== ABOUT THIS EXERCISE ==
Look in the listing below for the line that has "6pot/R 4pot的卡鉗及加大碟更是讓視覺效果大爆炸,對於這輛超過兩噸的怪獸來說,這樣的制動系統也只是堪用而已 |", then return it and each following line up to and including the one with "de la Barra", exactly and without pictures.

== THE DATA ==

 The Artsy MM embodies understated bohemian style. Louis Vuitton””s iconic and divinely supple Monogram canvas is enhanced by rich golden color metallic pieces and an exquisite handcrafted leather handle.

...

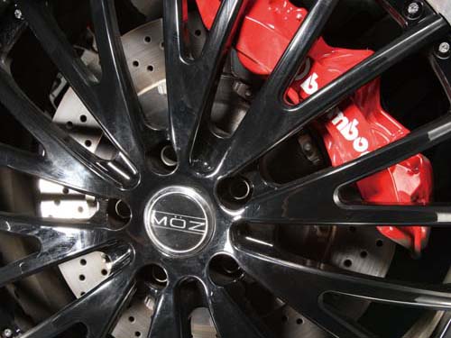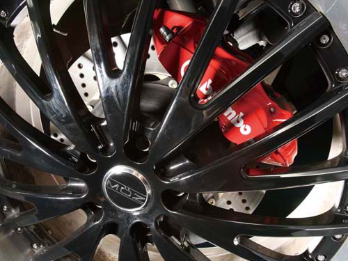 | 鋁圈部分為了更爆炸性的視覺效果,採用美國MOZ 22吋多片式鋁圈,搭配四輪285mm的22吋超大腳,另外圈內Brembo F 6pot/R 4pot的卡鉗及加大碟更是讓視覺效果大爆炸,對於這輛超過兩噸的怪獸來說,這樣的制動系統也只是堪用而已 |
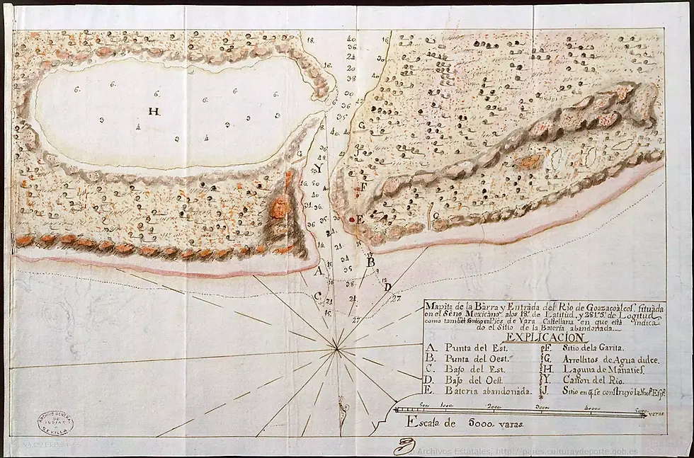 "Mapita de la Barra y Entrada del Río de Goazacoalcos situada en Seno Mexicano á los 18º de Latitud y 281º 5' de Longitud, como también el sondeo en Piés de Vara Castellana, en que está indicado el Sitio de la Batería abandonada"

--

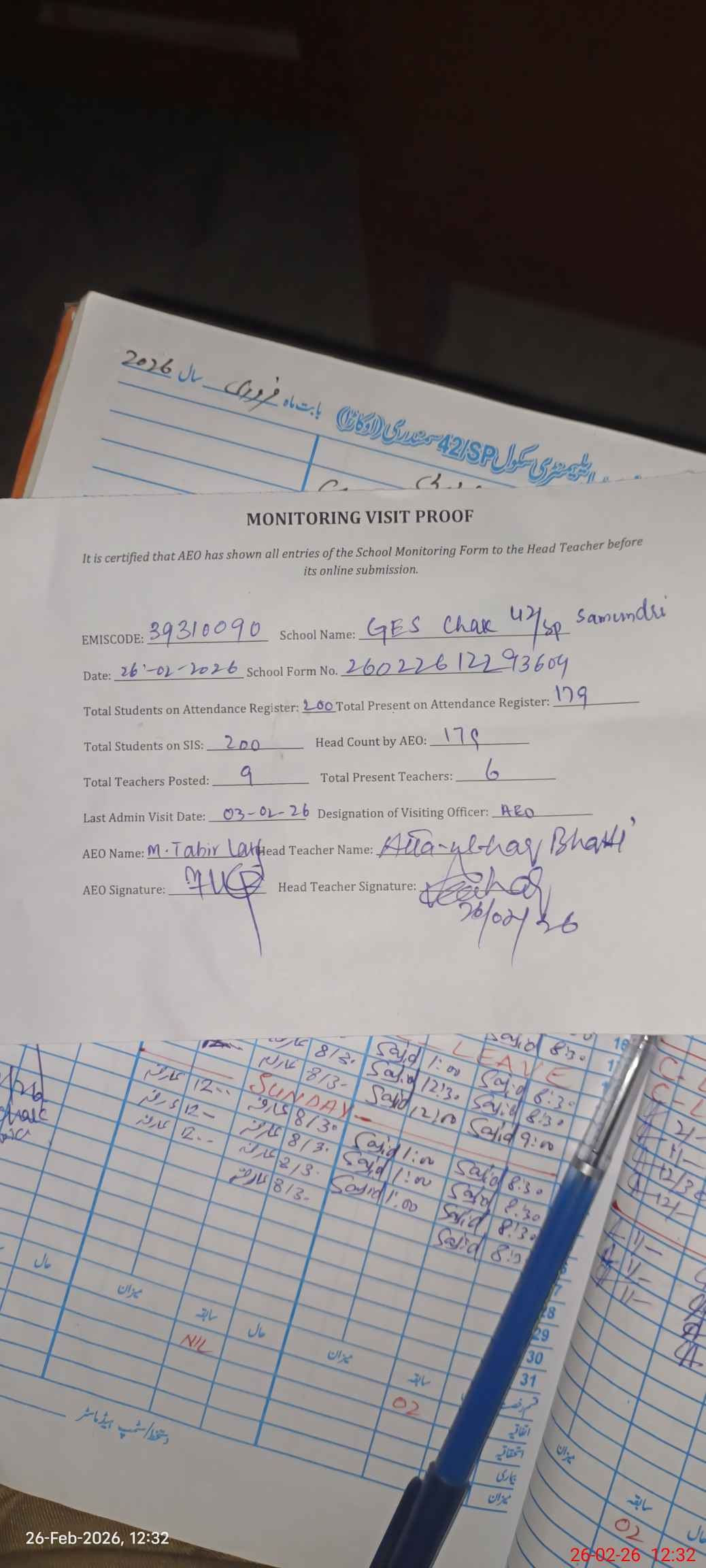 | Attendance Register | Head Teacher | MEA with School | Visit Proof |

== EXERCISE ANSWER ==
 | 鋁圈部分為了更爆炸性的視覺效果,採用美國MOZ 22吋多片式鋁圈,搭配四輪285mm的22吋超大腳,另外圈內Brembo F 6pot/R 4pot的卡鉗及加大碟更是讓視覺效果大爆炸,對於這輛超過兩噸的怪獸來說,這樣的制動系統也只是堪用而已 |
 "Mapita de la Barra y Entrada del Río de Goazacoalcos situada en Seno Mexicano á los 18º de Latitud y 281º 5' de Longitud, como también el sondeo en Piés de Vara Castellana, en que está indicado el Sitio de la Batería abandonada"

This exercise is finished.